Thankfully, a must-see new documentary screening in select theatres starting Dec. 16, then moving to VOD on Jan. 3 and Crave TV thereafter, gives the monumental event its due. 

Revival69: The Concert that Rocked the World tells the incredible true story of how then-22-year-old Toronto promoter John Brower conceived and staged the concert — which, until the very last minute when Lennon joined, seemed poised to be a flop — through footage shot by late legendary documentarian D.A. Pennebaker and recently sculpted by Toronto director Ron Chapman

That’s a lot of detail to chew on. But Chapman, using Pennebaker’s incredible archival footage plus animated segments by Mathew den Boer and present-day interviews with Brower, Alice Cooper, the Plastic Ono Band’s Klaus Voormann, The Doors’ Robby Krieger and Rush bassist and concert attendee Geddy Lee, and many others, brilliantly chronicles this remarkable story. 

 

Toronto Rock and Roll Revival
Photo: Screen Siren Pictures/Chapman Productions

 

Just how remarkable? The performance inspired Lennon, as the film illustrates via voice-over and an interview with then-personal assistant Anthony Fawcett, to finally summon the confidence to break with The Beatles to pursue a solo career, which he announced to the band a week later. Brower, rather worryingly, had bikers underwrite the concert and escort noted peaceniks Lennon and Ono from the airport to Varsity Stadium.

Meanwhile, the then-nascent Alice Cooper Band earned its infamous chicken-killer rep at the Toronto Rock and Roll Revival (you’ll have to see it) while concert co-emcee, famed producer-manager Kim Fowley, egged on the crowd to show their love by hoisting lit lighters. The tradition had to start somewhere.

 

Toronto Rock and Roll Revival
Alice Cooper on stage (at left), in restored footage of the Revival69 concert, where he earned his infamous chicken-killer reputation. Photo: Screen Siren Pictures/Chapman Productions

 

As Toronto author and historian Nicholas Jennings notes in his blog about the film, “Pennebaker’s original footage first appeared in his own film, Sweet Toronto, and there have been numerous albums cut from the audio recordings, including the Plastic Ono Band’s Live Peace in Toronto 1969.” (Jennings says the Rolling Stone designation was cited to him by rock critic Ritchie Yorke, who attended the Revival. Corroboration remains maddeningly elusive online, though longtime Toronto Star film critic, and former rock critic, Peter Howell confirmed it to Zoomer, noting he owns the issue of Rolling Stone containing the designation.)

So, why isn’t the Toronto Rock and Roll Revival as famous as Woodstock — the only event, director Chapman also confirms, Rolling Stone evidently deemed more historic?

“There were a few elements.
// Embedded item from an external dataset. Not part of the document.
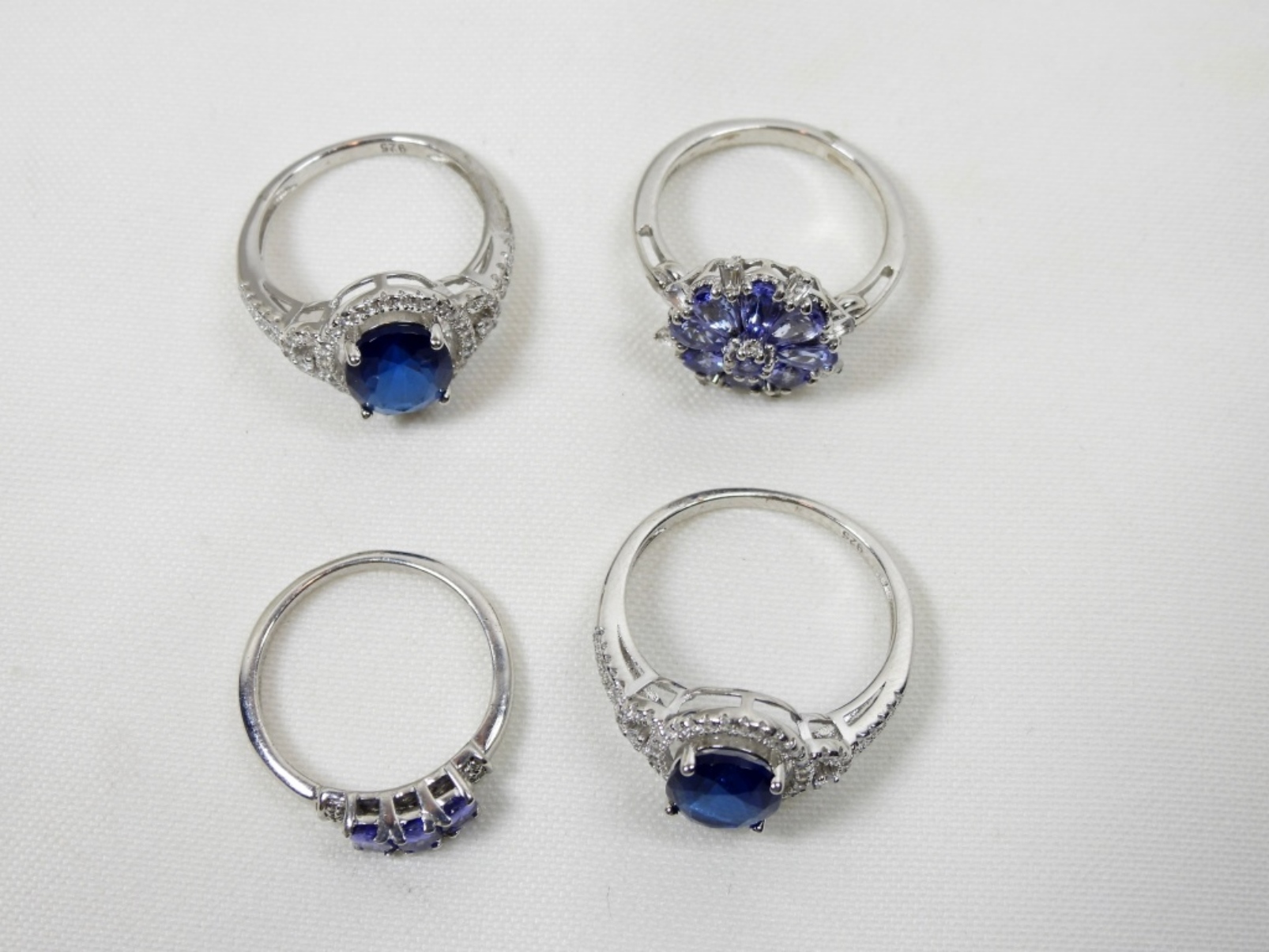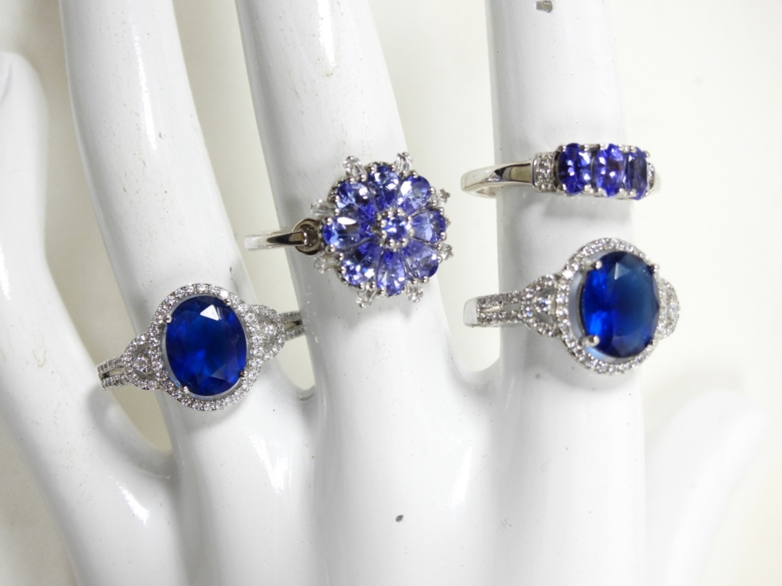 LAB CREATED SAPPHIRE & AMETHYST STERLING RINGS. SIZES 7 AND 9. 7DWT

I don’t think these bands were as well-known by the audience in that age group,” Brower, 76, offers from his home in Venice, Calif. “The Doors weren’t on the bill initially, Alice Cooper was then-unknown, and it was back-to-school time. 

“The $6 ticket was a lot, though that seems ridiculous now,” Brower continues. “The zeitgeist just didn’t gel at that time. I thought adding The Doors would send tickets through the roof. But the news reports about Jim Morrison’s behaviour at the time” — following a notorious Miami concert that March that resulted in Morrison eventually being convicted of indecent exposure and profanity — “was off-putting to parents.”

 

Toronto Rock and Roll Revival
Fans packed into Varsity Stadium for the Toronto Rock and Roll Revival  in 1969. Photo: Screen Siren Pictures/Chapman Productions

 

“Also, it happened in Toronto, and the American press did not attend, other than Robert Christgau who followed D.A. Pennebaker from New York as he was doing a story on him,” says Chapman, who declined to give his age. “It was shortly after Woodstock, and I think there was a certain amount of fatigue in the music press at the time.  It was never perceived as an ‘important’ concert in the lead up to the show, and so there was really no coverage or international attention. And it had terrible ticket sales.
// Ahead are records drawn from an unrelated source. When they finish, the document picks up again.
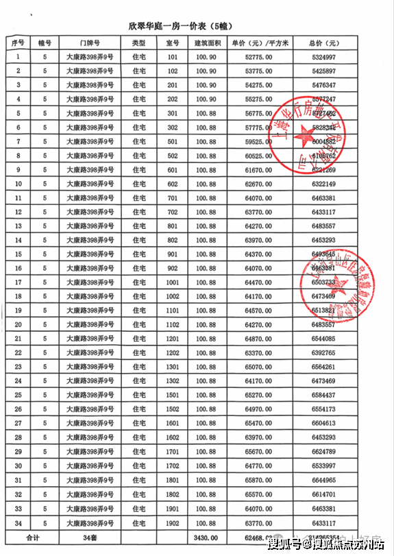 大华公园柏翠项目一房一价表▼
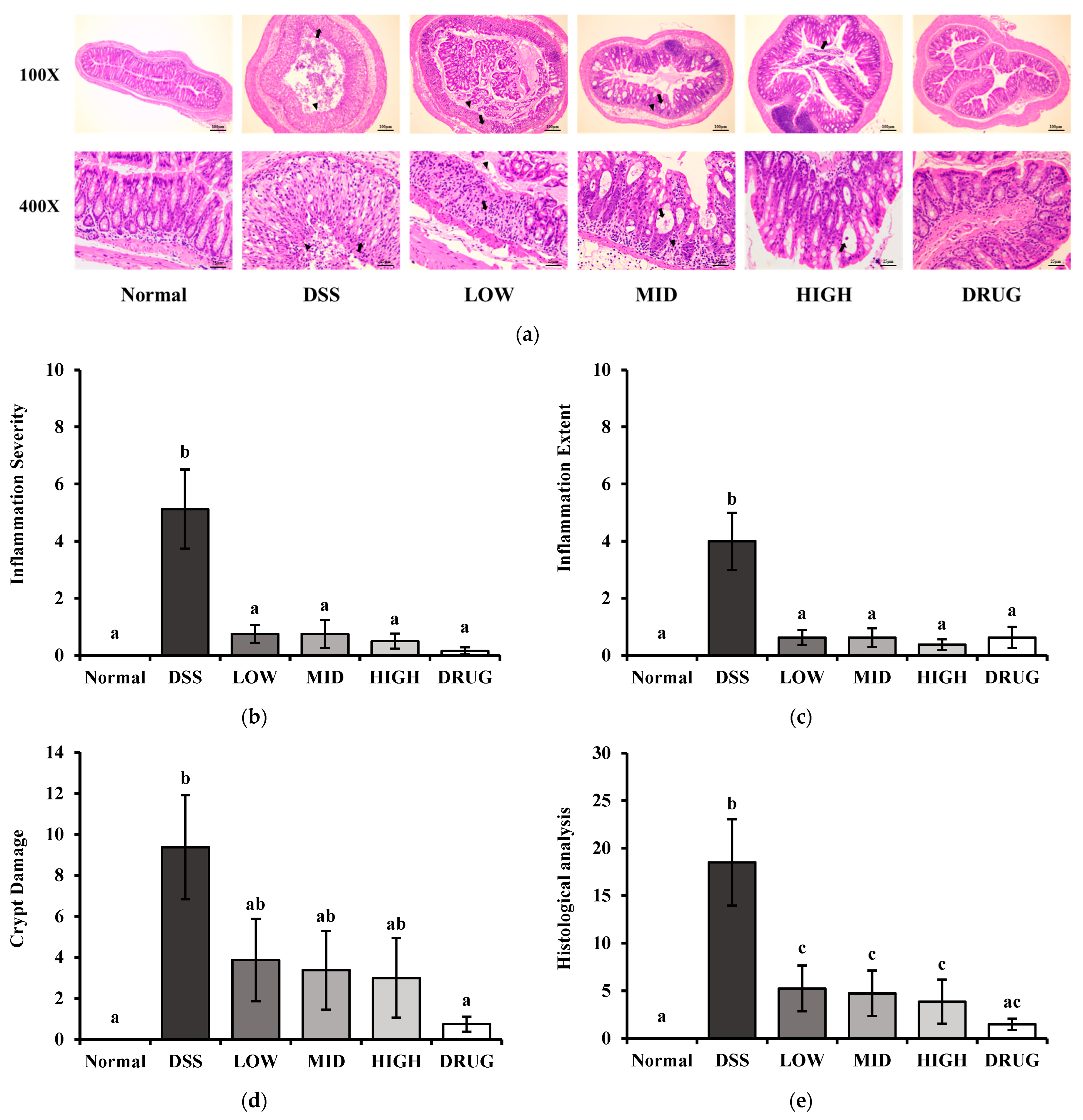 22]. The inflammation severity was scored on a scale of 0 to 3 (0, none; 1, mild; 2, moderate; 3, severe), and the extent of inflammation was scored from 0 to 3 (0, none; 1, mucosa; 2, mucosa and submucosa; 3, transmural). Crypt damage was scored from 0 to 4 according to the extent of crypt loss and epithelial erosion (0, none; 1, basal 1/3 damaged; 2, basal 2/3 damaged; 3, entire crypts lost with surface epithelium present; 4, crypts and surface epithelium completely lost). Histological analysis of H&E-stained slides and scoring were performed by Doo Yeol Biotech (Seoul, Republic of Korea).
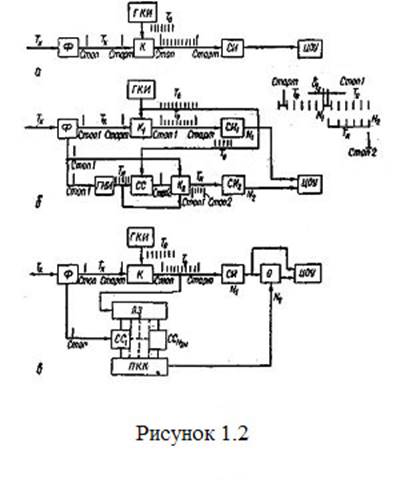 Интервал времени Тх измеряется цифровым хронометром (рисунок 1.2 а) путем сравнения с интервалом NT0 . Для снижения погрешности необходимо уменьшение Т0 , т. е. повышение скорости счета импульсов счетчиком. Максимальная скорость прямого счета счетчиками импульсов достигает 109 имп/сек, однако у большинства серийных счетчиков импульсов не превышает 107 имп/сек.

“Plus, Lennon was only added on the bill at the last minute, and there was no real belief by the Toronto media — or any media — that he was actually coming until he was seen boarding a plane for Toronto the day of the show. Despite being the most important event in Canadian music history with international significance, other than some local articles, no one other than hardcore Lennon/Beatles fans and music industry insiders even knew about it.”
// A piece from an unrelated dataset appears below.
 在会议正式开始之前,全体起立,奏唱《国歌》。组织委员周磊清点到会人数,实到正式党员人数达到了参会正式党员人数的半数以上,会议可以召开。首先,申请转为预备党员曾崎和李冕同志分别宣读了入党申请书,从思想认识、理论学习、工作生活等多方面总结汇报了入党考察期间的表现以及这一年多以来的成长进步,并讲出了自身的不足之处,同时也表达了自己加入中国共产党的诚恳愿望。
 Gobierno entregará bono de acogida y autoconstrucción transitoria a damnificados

Chapman adds, “That’s why I made this film.”

 

Toronto Rock and Roll Revival
Director Ron Chapman. Photo: Screen Siren Pictures/Chapman Productions

 

Chapman’s multifaceted film — for which he was given “full access to all the footage taken by Pennebaker at the concert” amounting to “60 hours of mostly never-before-seen 16 mm footage,” that had been stored in “cardboard boxes in an Iron Mountain” — is both feat of engineering and feast for the eyes.

“I also found about two hours of never-before-seen Super 8 footage, mostly taken by Molly Davis, one of Pennebaker’s crew, who I also interviewed in the film,” Chapman says. “We did much work in the post-production process to make this footage look its best. The concert audio also needed a great deal of work, as we only had original live mono mix-downs.”

As with the best filmmaking, however, much of that herculean behind-the-scenes effort is invisible. 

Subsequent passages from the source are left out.